- DVD artwork.
- Genre: Drama Mystery Thriller
- Written by: Richard Levinson William Link
- Directed by: David Greene
- Starring: Robert Preston Lynn Redgrave Patrick Macnee Lawrence Pressman William Russ Madolyn Smith Jeff Goldblum William Daniels
- Music by: Billy Goldenberg
- Country of origin: United States
- Original language: English

Production
- Executive producers: Richard Levinson William Link
- Producer: Robert A. Papazian
- Cinematography: Stevan Larner
- Editor: Parkie Singh
- Running time: 96 minutes
- Production companies: CBS Productions A Richard Levinson / William Link Production in association with Robert Papazian Productions, Inc.

Original release
- Network: CBS
- Release: May 26, 1982

= Rehearsal for Murder =

Rehearsal for Murder is an American murder mystery television film starring Robert Preston and Lynn Redgrave, and directed by David Greene. The script, written by Richard Levinson and William Link, won a 1983 Edgar Award from the Mystery Writers of America. It originally aired on the CBS Television Network on May 26, 1982.

==Plot==
===Television Film===

When his leading lady (and fiancée) Monica Welles (Redgrave) is found dead from an apparent suicide after the opening night of her Broadway stage debut, playwright Alex Dennison (Preston) is left heartbroken. On the first anniversary of her death, he gathers the cast and crew from that ill-fated night in the same Broadway theater, ostensibly to read a new play he is working on, a mystery in which a famous actress is killed. As the reading progresses, the scenes seem to the cast to be uncomfortably close to actual encounters they might have had with Monica. When pressed, Alex finally reveals that he believes that Monica was murdered and that someone at the theater is her killer.

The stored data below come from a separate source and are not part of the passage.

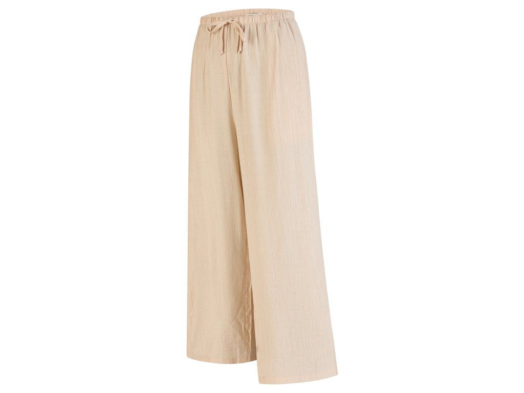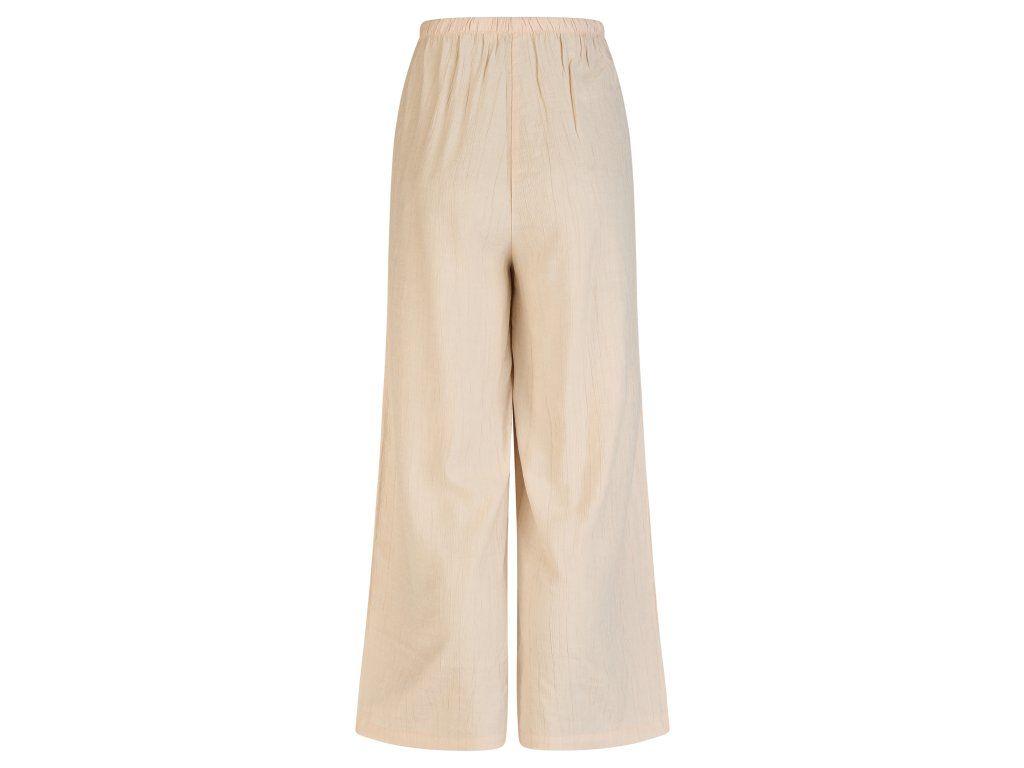 Nohavice majú vyšší sed, ktorý je pohodlný a pekne sedí v páse. Pás je riešený do gumy a doplnený o tunelček so šnúrkou na stiahnutie, čo prináša ešte väčší komfort pri nosení. Praktickým detailom sú dve postranné priehmatové vrecká, zatiaľ čo zadná časť ostáva bez vreciek, takže silueta pôsobí čisto a hladko. Pokrčený vzhľad dodáva nohaviciam moderný charakter a zároveň podčiarkuje ich nenútený letný štýl.
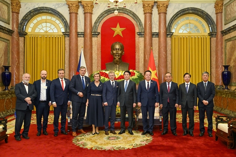 越南国家主席梁强与捷克参议院议长米洛斯·维斯特奇尔及各位代表(图片来源:人民军队报) |
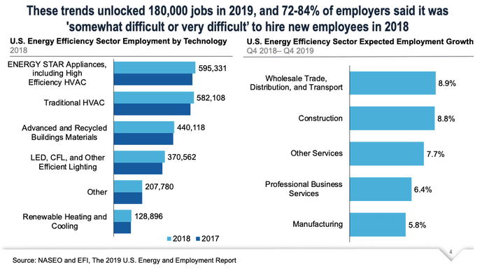 These targets are daunting, but they also present one of the largest opportunities for job creation in our economy today. Research published this year suggests that the trend toward electrification and building efficiency created 180,000 jobs in 2019, with 5.8–9.9 percent annual growth in 2019, far outpacing other sectors. We expect these trends to continue as states begin to require all-electric new construction, and as more customers learn about and adopt lower-carbon, lower-cost electric alternatives for heating, cooling, and cooking.
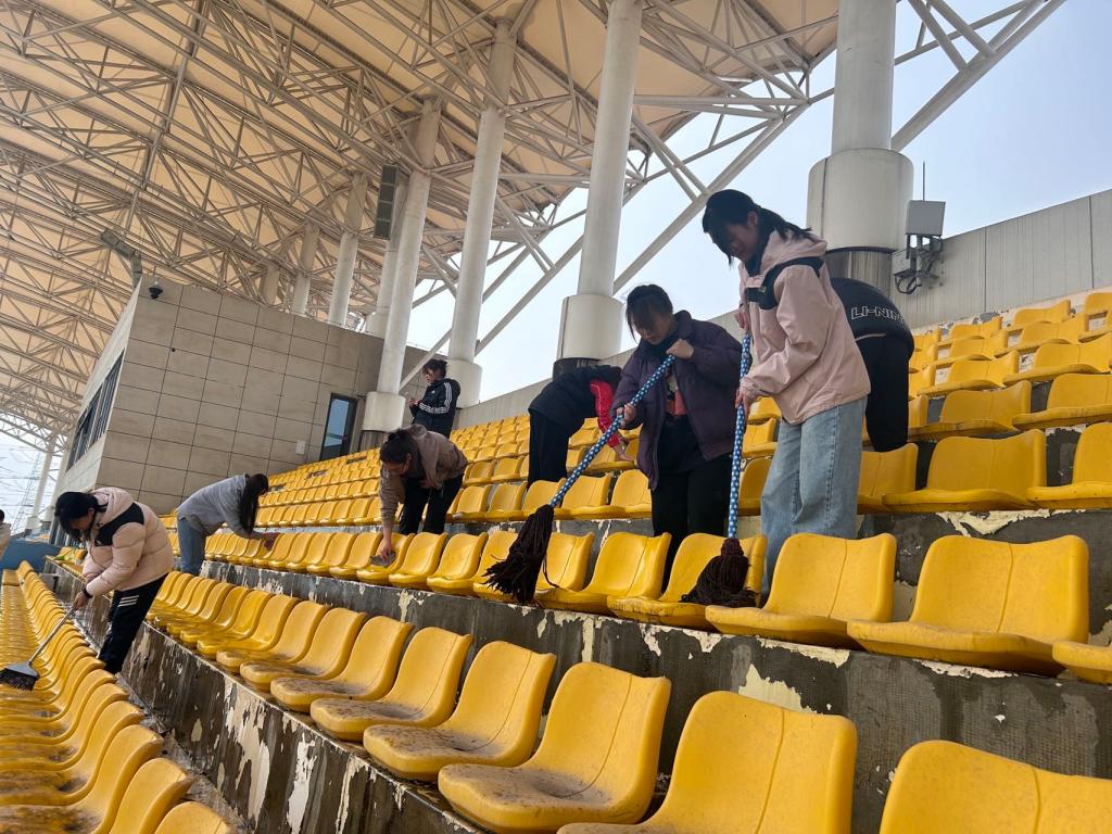 三月春风处处留,雷锋精神心中留。为践行社会主义核心价值观,深入开展学雷锋活动。3月24日,运动训练学院2022级年级办积极响应校团委和学院党委的号召组织党员、学生干部、三好学生、助学金获得者等200余人在鄠邑校区继续开展‘弘扬雷锋精神,争做时代新人’主题活动。美化校园环境是每一名学生应尽的义务和责任,同学们利用课余时间纷纷携带清洁工具,积极有序的前往校区橄榄球场地看台擦拭座椅、清扫垃圾,同学们不放过任何一个角落,尽管尘土飞扬,又脏又累,但大家毫无怨言。本次活动持续一个小时左右,美丽洁净的看台又恢复了往日的‘美颜’。

===Theatrical Production===

One year after the supposed suicide of his fiancée (Monica Welles) Alex Dennison invites his friends, some cast and crew from the play one year ago, to read through a new play, Killing Jessica. Along with the cast he invites another actor (Frank Heller) to pose as a police officer (Henry McElroy). During the reading of the scenes, some of the cast become unnerved by Jessica's similarity to the late Monica Welles and the scenes' similarity to reality. After reading a few scenes, the producer (Bella Lamb), director (Lloyd Andrews) and lead (David Matthews) demand to know what Alex's true intentions are, leading him to reveal that the killer of Monica is in the theater. Most of the cast and crew decides on leaving, but with aid of the false police officer and the unintentional aid of the producer (Bella Lamb), they are persuaded to continue. After reading a few more scenes, they start to question Alex's mental state, leading them to leave for the sake of Alex's mental health. However, Alex draws a revolver on his friends, forcing them to stay and keep reading through his scenes. After Alex is convinced that the comic (Leo Gibbs) killed Monica, he draws his revolver once more and fires at Leo with blank cartridges. The lights go out after someone conspiring with Alex pulls the switch. In the ensuing chaos Frank Heller reveals what he knows about Monica's apartment the day she died. Alex's friends reveal that they knew that he was the killer all along, and all they wanted out of him was a confession. Frank reveals that Monica nearly slept with him after a fight with Alex, and so he used that as blackmail to get a large sum of money from Monica. After the meeting went wrong, he unintentionally killed Monica. The real Henry McElroy reveals that he was watching the whole time and comes to arrest Frank. Alex and his friends rejoice that the killer has been brought to justice after all this time. The play ends after his friends leave and Alex toasts with Monica's untouched glass; showing him making peace with this new reality.

==Cast==
- Robert Preston as Alex Dennison
- Lynn Redgrave as Monica Welles
- Patrick Macnee as David Matthews
- Lawrence Pressman as Lloyd Andrews
- William Russ as Frank Heller
- Madolyn Smith as Karen Daniels
- Jeff Goldblum as Leo Gibbs
- William Daniels as Walter Lamb
- John Finnegan as Damon
- Vahan Moosekian as The Moving Man
- Nicholas Mele as First Officer
- Charlie Robinson as Second Officer
- Sergio Kato as Third Officer
- Wallace Rooney as Ernie
- Buck Young as Lieutenant McElroy

==Stage version==
In 1983, playwright D.D. Brooke adapted the film for the theatre.

==Home media==
A DVD transfer of the film was marketed in Australia by Flashback Entertainment (cat no. 8695).